● Assignment: All pictures are to be omitted while the lines starting at the line with "Эмалированный чайник объёмом" and ending at the line with "分别输入法定代表人姓名的拼音" in the material below are retyped exactly, both ends included.

● Supplied entries:
== Segment start ==

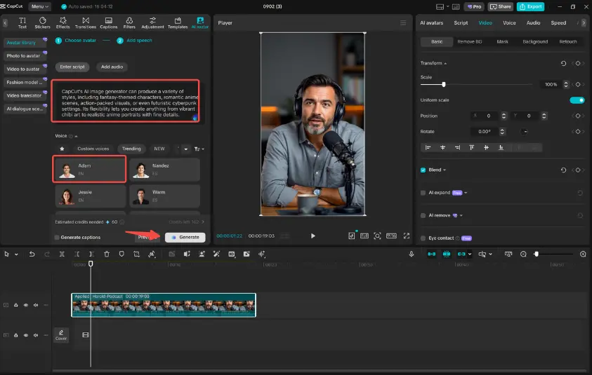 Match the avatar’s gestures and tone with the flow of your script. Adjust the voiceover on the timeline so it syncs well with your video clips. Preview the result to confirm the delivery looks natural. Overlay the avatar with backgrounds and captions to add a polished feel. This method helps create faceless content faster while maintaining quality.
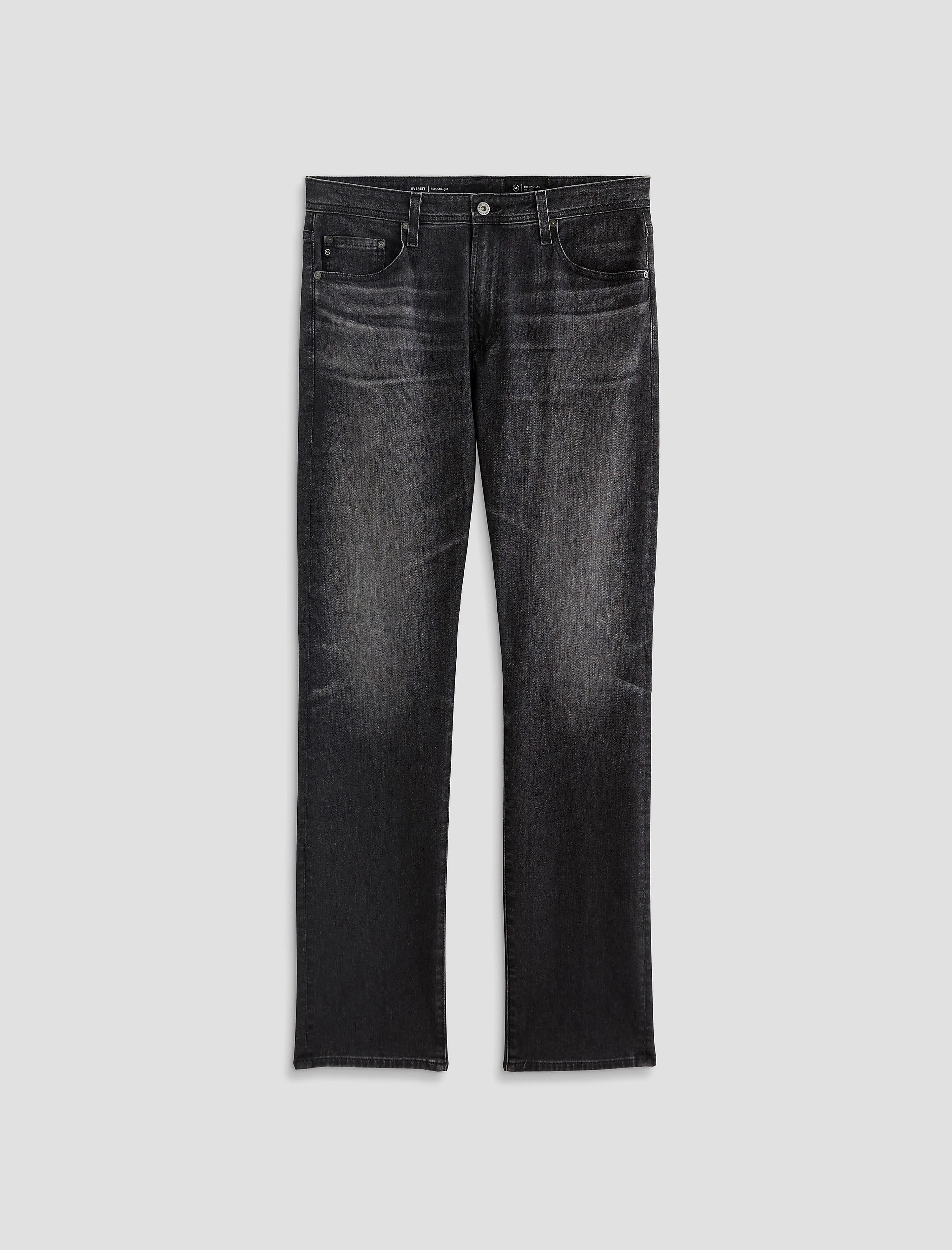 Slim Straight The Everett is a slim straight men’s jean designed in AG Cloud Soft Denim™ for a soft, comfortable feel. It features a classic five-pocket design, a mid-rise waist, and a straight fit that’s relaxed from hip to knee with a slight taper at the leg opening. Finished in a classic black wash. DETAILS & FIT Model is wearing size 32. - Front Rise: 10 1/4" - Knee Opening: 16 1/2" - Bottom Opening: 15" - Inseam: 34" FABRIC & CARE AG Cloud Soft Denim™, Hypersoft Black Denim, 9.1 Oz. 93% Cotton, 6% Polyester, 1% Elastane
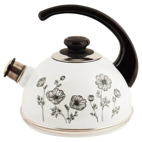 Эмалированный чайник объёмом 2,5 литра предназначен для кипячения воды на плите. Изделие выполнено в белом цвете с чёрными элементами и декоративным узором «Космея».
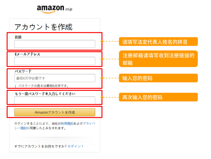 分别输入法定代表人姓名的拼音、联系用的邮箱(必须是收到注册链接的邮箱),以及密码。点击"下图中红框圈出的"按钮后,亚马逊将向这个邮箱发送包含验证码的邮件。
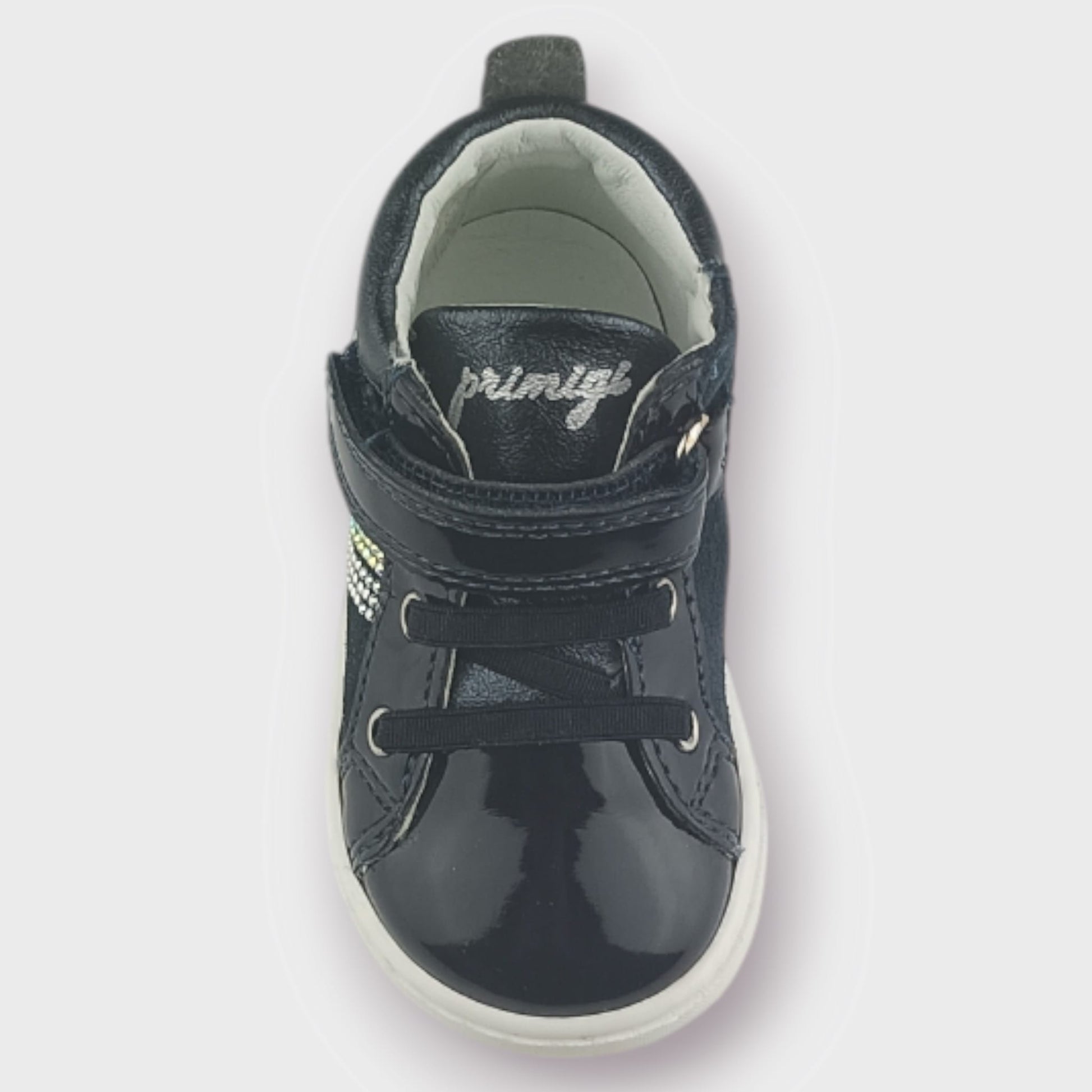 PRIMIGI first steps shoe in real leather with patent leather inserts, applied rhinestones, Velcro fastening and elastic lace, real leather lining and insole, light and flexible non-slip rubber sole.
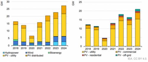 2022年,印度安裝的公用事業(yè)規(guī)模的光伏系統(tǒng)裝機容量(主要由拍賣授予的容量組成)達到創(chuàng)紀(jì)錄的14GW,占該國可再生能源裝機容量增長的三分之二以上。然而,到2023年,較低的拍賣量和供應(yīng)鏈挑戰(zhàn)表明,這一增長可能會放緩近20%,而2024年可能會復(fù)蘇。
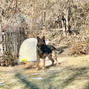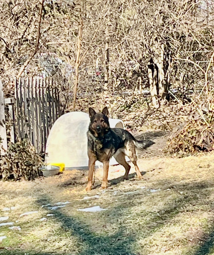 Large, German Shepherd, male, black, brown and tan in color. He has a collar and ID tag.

== Segment end ==
== Segment start ==

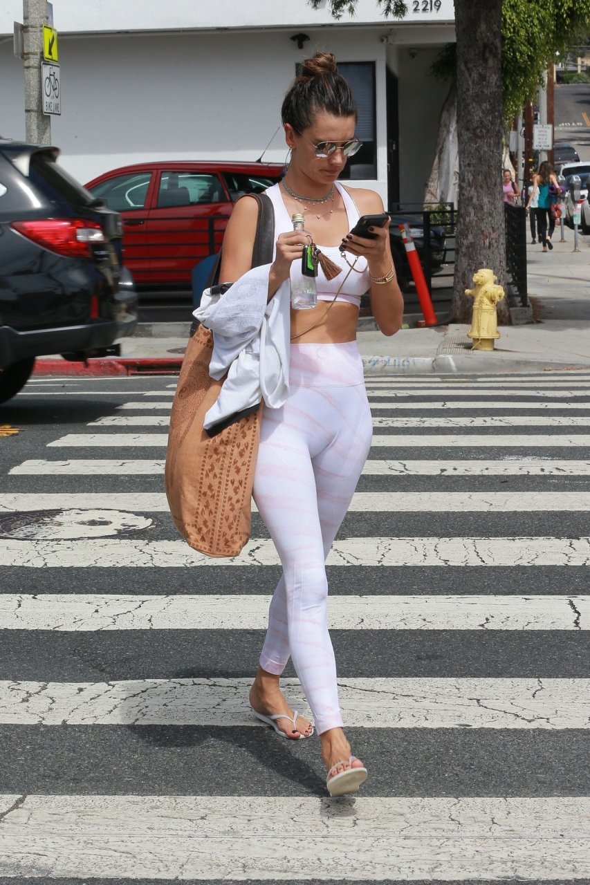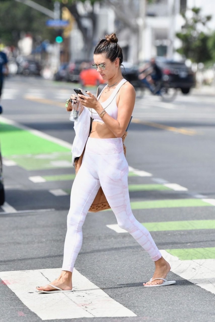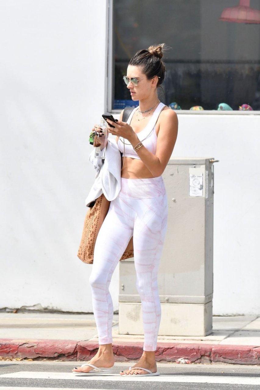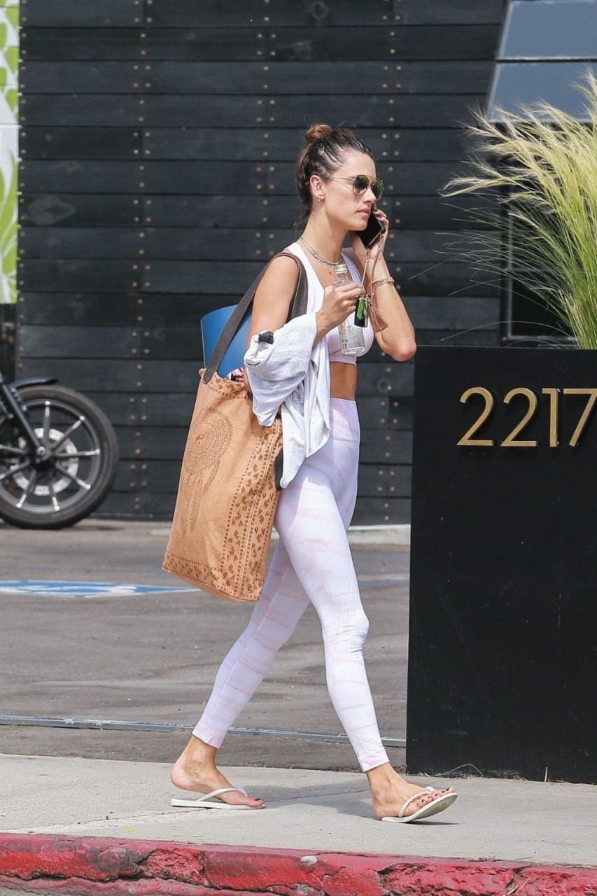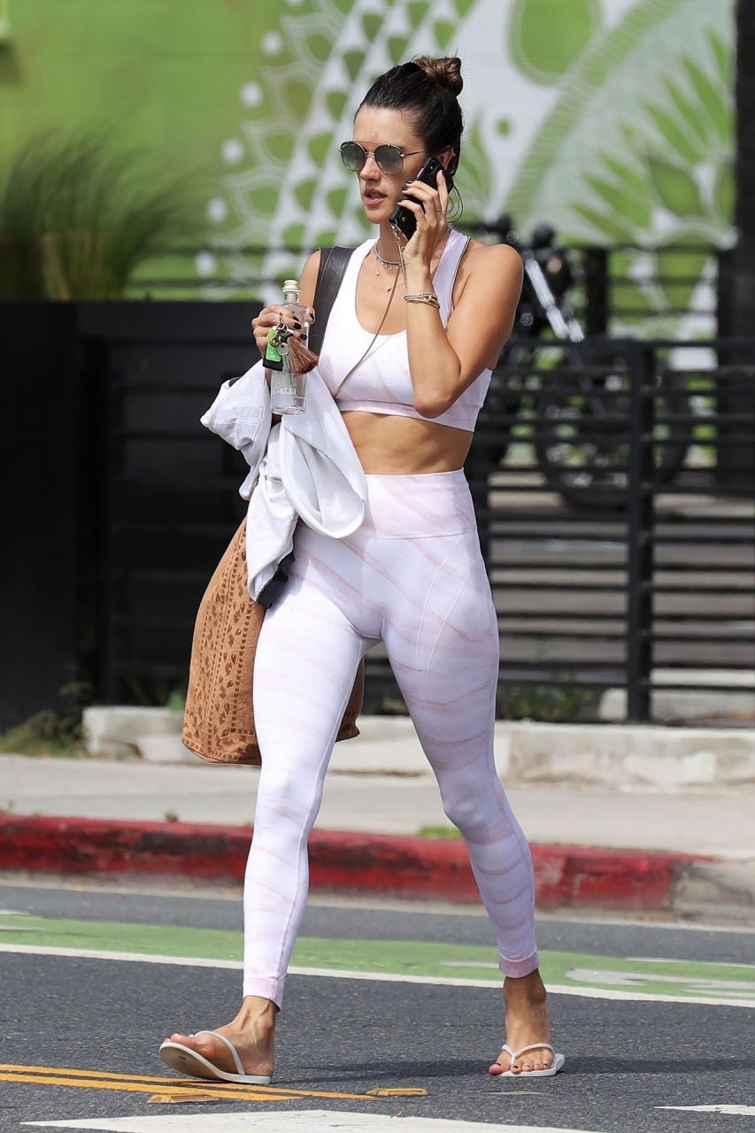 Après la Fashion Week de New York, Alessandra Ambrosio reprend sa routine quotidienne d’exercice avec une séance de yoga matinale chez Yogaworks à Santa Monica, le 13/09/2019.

== Segment end ==

● Response below:
 Эмалированный чайник объёмом 2,5 литра предназначен для кипячения воды на плите. Изделие выполнено в белом цвете с чёрными элементами и декоративным узором «Космея».
 分别输入法定代表人姓名的拼音、联系用的邮箱(必须是收到注册链接的邮箱),以及密码。点击"下图中红框圈出的"按钮后,亚马逊将向这个邮箱发送包含验证码的邮件。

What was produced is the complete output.